"Wie Heranwachsende zu erziehen seien, das hat die Menschheit
seit jeher beschäftigt; und die pädagogischen Rezepte
fielen so unterschiedlich wie paradox aus."
Der in Wien lebende Autor und Filmemacher Rudi Palla meint, das
sei eine Binsenweisheit und kramt deswegen tief in der historischen
Kiste der Pädagogik, um zahlreiche skurile Beispiele zu Tage
zu fördern.
Die weltberühmten Spartaner haben es ihm als erste angetan:
Die Erziehung - so der sagenhafte Lykurg - ist die größte
und wichtigste Aufgabe eines Gesetzgebers. Entsprechend sind Gehorsam,
Disziplin, Selbstbeherrschung und äußerste Abhärtung
das Ziel, zu welchem übrigens alle Erwachsenen der damaligen
Gesellschaft beitrugen, "so daß es zu keiner Zeit und
an keinem Ort an einem solchen fehlte, der {die Knaben} zurechtweisen,
oder wenn nötig, strafen konnte."
Zu welcher Brutalität die damalige Jugend angespornt wurde
zeigt, dass die Jungen normalerweise gezwungen waren bei den Älteren
die Nahrung zu stehlen. Wer sich bei diesem Volkssport erwischen
ließ, zog härteste körperliche Strafen auf sich.

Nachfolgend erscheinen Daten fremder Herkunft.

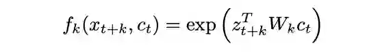 由于没有办法获得到 的联合概率,因此文章通过建模两种样本的密度比的方式来绕过联合概率(两种样本:真实样本和采样出来的负样本),其中 表示 的预测和未来 的相似程度, 是将 转换到 空间,然后用内积来表示相似程度,文章也证明了 。

Schon das folgende Kapitel ist bei weitem nicht mehr so martialisch:
Die frühen Sozialutopien eines Th. Morus und Campanellas
Sonnenstaat und darin jeweils speziell die Vorstellung einer kostenlosen,
freien Grundbildung aller Kinder beschäftigen Palla als nächstes.

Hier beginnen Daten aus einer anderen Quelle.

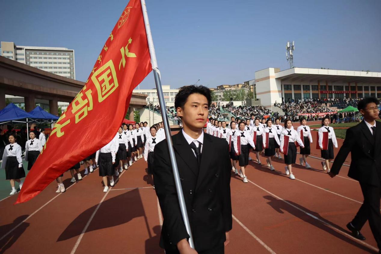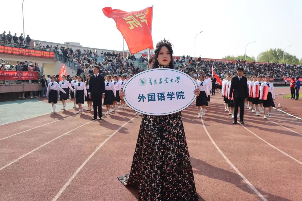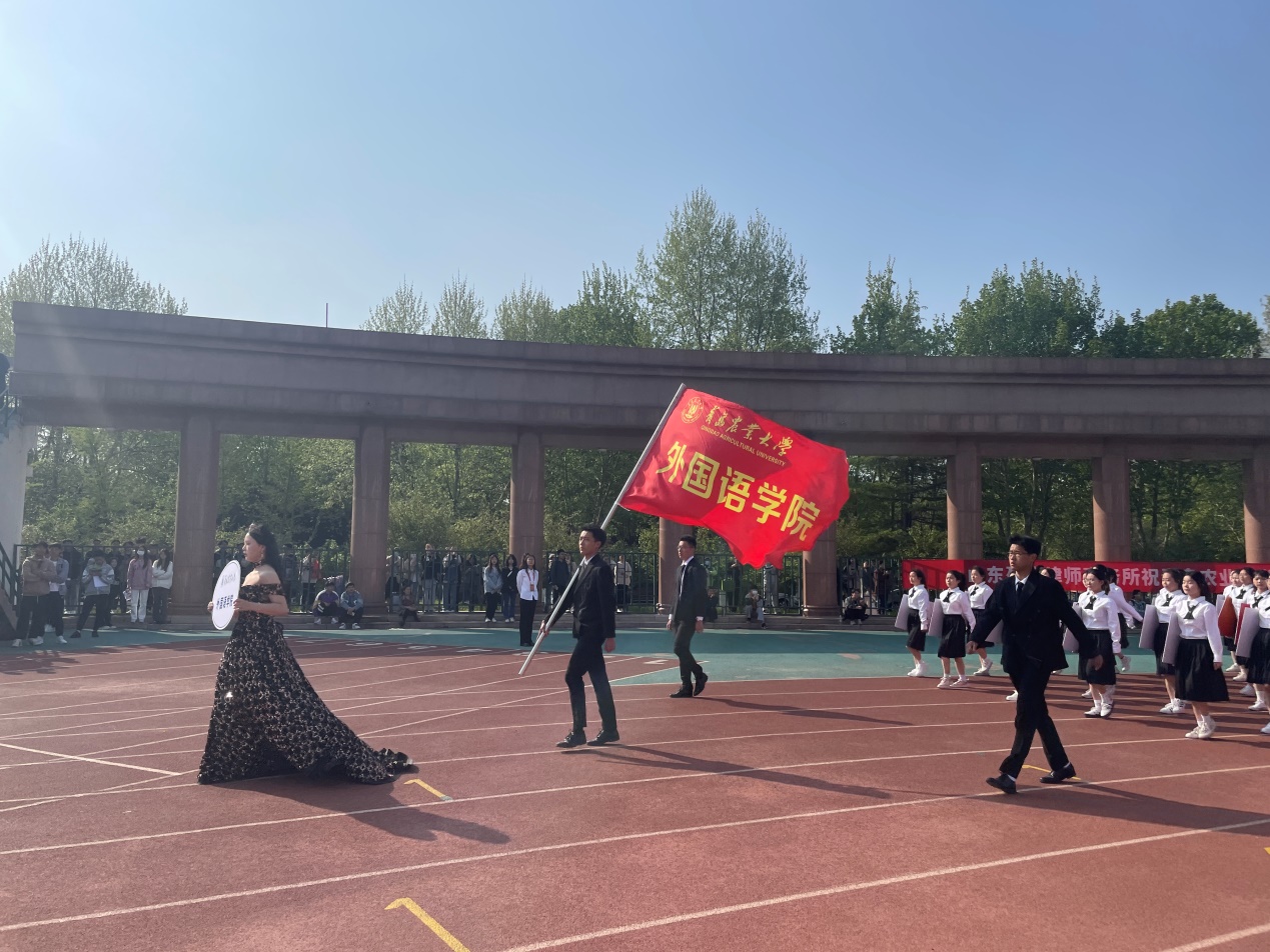 开幕式上,太阳集团tyc234cc学生代表方队大放异彩。方队行进间,身穿黑白相间学院风制服的学子们步伐整齐,精神昂扬,展现出学院青春向上的良好风貌。期间,“奋勇拼搏 逐梦中华”的嘹亮口号彰显了外院学子一心向党、与祖国发展同频共振的情怀。在行至主席台前时,方队随着音乐节奏进行队形变换,用纸板拼凑起的“I LOVE QAU”字样令人眼前一亮;随之喊出的“博外之长,共语辉煌,青春无畏,外语飞扬”的口号,更是学院学子立志用外语讲好中国故事,传播好中国声音的最佳写照。

Viele bekannte und unbekannte Modellversuche wie die von Owen
oder Fourier wienert Palla wieder auf. Drollig die fourier´sche
Vorstellung einer Berufsbildung ab dem 4. Lebensjahr: So soll
die "Arbeit zur Spielerei in kleinen Modellwerkstätten
werden, in denen sich kindgerechtes Handwerkszeug für die
Maurerei, Sattlerei und Zimmerei" befindet.
Selbstverständlich gehören auch die Romanutopien von
Aldous Huxley (Brave new World) oder Burrhus Frederic Skinner
(Walden) in Pallas Buch. Da wiederum lassen Skinners Ideen den
Leser bedenklich den Kopf schütteln, wenn er von den ständigen
Lebenshorten der Kleinkinder schwelgt, die gemeinsam in großen
Räumen auf Plastikunterlagen leben, die die Nässe aufsaugen.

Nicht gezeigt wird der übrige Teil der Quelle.